Miguel Ángel Barriola Pbro


Para: Soleriana (Revista de la Facultad de Teología del Uruguay 'Mons. Mariano
Soler')
Año XXVII - Nº 18 - (2002/2, Julio - Diciembre) págs.263 -269.
Horacio Bojorge, Teologías deicidas. El pensamiento de Juan Luis Segundo en su contexto.
Ediciones Encuentro, Madrid 2000, 380 págs.
“Todo el que desee interiorizarse en un pensamiento, que tuvo vasta repercusión entre los
católicos uruguayos, en Latinoamérica (sobre todo en el gran amigo de Segundo, G.
Gutiérrez) y otras latitudes, debería compararlo con las réplicas que se encuentran en el
cuidadoso estudio de Bojorge, para poder apreciar una trayectoria, más allá de meras
simpatías, aplicando el oído también a otras campanas”.

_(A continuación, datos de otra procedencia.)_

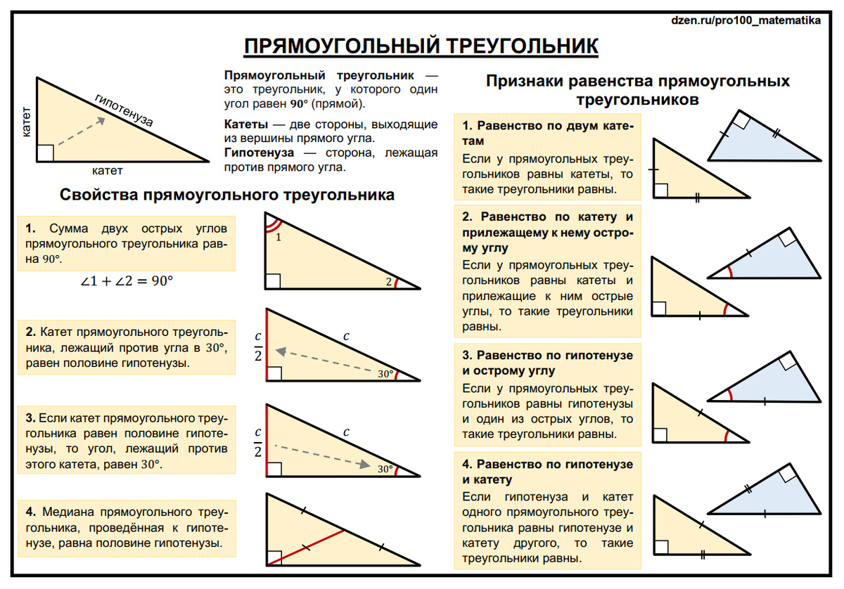 - Существует 4 признака равенства прямоугольных треугольников — их важно не просто выучить, а понимать.

A cuatro años del fallecimiento de Juan Luis Segundo, jesuita y fecundo escritor uruguayo,
Horacio Bojorge, miembro también de la Compañía, oriundo del mismo país, y autor de
numerosas publicaciones, ofrece en la obra que presentamos, un cuidadoso y cabal análisis
de las principales posturas teológicas de su cofrade.
Además de la amplia producción de Segundo, editada en Uruguay, Sudamérica, EE. UU. y
Europa, es asimismo conocido el aplauso y aprobación con que ha sido elogiada por
tradicionales adversarios de la Iglesia católica, especialmente en Montevideo.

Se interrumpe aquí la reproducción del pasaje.